Age can make a difference in patient satisfaction
Age can make a difference in patient satisfaction
Lower, higher expectations depend on patient age
Every patient in your ED may receive the same level of care and attention, but that doesn't mean they will all perceive that care and attention with the same level of appreciation, according to a new patient satisfaction survey by South Bend, IN-based Press Ganey Associates.
Press Ganey's 2007 Healthcare Satisfaction Report showed, for example, that younger patients are generally much harder to please. More specifically, it found:
- Patients between 18 and 34 were the most displeased, with only 76% saying they were satisfied with their experience.
- The 35-49 age group was the second least satisfied in the ED, with a rate of 82.7%.
- The highest satisfaction level, 87.6%, was reported among those 56 to 79.
These findings make a great deal of sense to Wanda Della-Calce, RN, director of emergency services at North Mississippi Medical Center in Tupelo. "The 18-year-olds have grown up with computers, cell phones, and so forth, so they are not used to waiting; they have different expectations," she notes. "They will be harder to satisfy because they want quick, fast service, and will not understand why they have to sit in the lobby four or five hours."
As for those in the 35-49 range, says Della-Calce, they are well informed, because they tend to look up their diagnoses on the Internet before arrival. "They, too, have higher expectations and will not like it if you are not on top of your game," she says.
Older patients, on the other hand, often find companionship and compassion in the ED that they do not have at home, she continues. "A lot times when we do patient callbacks, they enjoy and appreciate the fact that someone is checking on them," she says.
Matt Mulherin, a spokesman for Press Ganey, says this trend of expectations determined by age has been fairly consistent over the past few years. "Typically, the younger patients have higher expectations and lower satisfaction," he says. "It reflects an emerging perspective of consumers of health care."
Part of the reason, Mullherin notes, is that many people are investing more of their own money in their health care through vehicles such as health savings accounts. "That makes someone like me have higher expectations," he says.
Data such as this can be valuable to an ED manager, Mulherin continues. "Patients in the younger age groups are not only less satisfied and potentially less loyal, but they will also be your prime consumers in the next 20 or 30 years, so it's more essentially important to build loyalty among them," he says.
This type of data "lets folks know where you might have the greatest opportunity to improve patient satisfaction," Mulherin says. In fact, he adds, with patients who subscribe to Press Ganey services, he sees a significant number of managers breaking down their statistics demographically. "We have an online tool that lets them set up as many as 200 users who can then break out the data into the areas they want to study," he says. "It could be a nurse manager, a shift supervisor, and so forth."
When they identify a drop in their overall patient satisfaction score, they typically will break it out by demographics to see what could be causing the problem, Mulherin says. "If I'm the ED director, and I see we have a dip in our scores, I want to get to the bottom of it."
Adjust your care?
Identifying these groups is one thing, says Della-Calce; treating them differently is a bit more complicated.
"I think you have to look at your all processes and the populations you are serving," she says. "You try not to differentiate, [but instead] to treat the same patient the same way every time."
However, when pressed about whether it might be advisable, for example, to take a little extra time explaining to a younger patient why the wait was so long, Della-Calce conceded there might be a place for such an adjustment. "I think [demographic data] is one more tool in your toolbox," she says. "The culture here is patient- and family-centered, with quality care for everybody, but knowing how to address different patients gives you one more way of doing that."

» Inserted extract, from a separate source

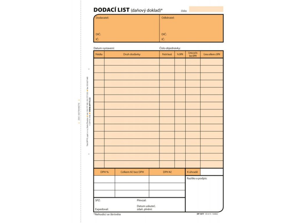 Dodací list - daňový dokladtiskopis splňuje všechny platné požadavky zákona o DPH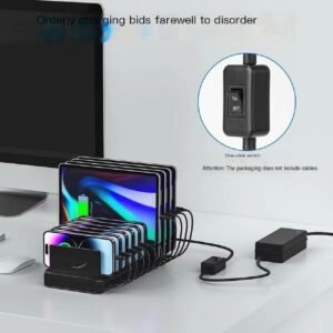 - Universal Compatibility & Smart Indicators – Designed for versatility, this 10port charging station isfully compatible with a wide range of devices including iPhone, Android smartphones, iPads, tablets, wireless earbuds, Kindle e-readers, and popular gaming accessories. Convenient smart LED indicators provide clear, real-time visibility into the charging status of each connected device, so you always know when your gadets are powered up.

It's important to know your audience, know their expectations, communicate clearly, know what they are expecting of you and how to address those expectations, Della-Calce says.
Mulherin says there can be a place for using such departmental data, "but it really depends on what your data says." In other words, he continues, such surveys can be used to show you where you will get your biggest return on investment in patient satisfaction. Mulherin calls that a "priority index." "So if, for example, your patients who are between the ages of 35 and 49 are not as satisfied as some other groups of patients, while you would not want to role out a program just for them, you might look to provide them with a lot of information about their care, how long it will take to see a doctor, and so forth."
However, you should never lose sight of the basic principles of patient satisfaction, he says. "All patients want the same kinds of things," he says. "Some may just want more of it."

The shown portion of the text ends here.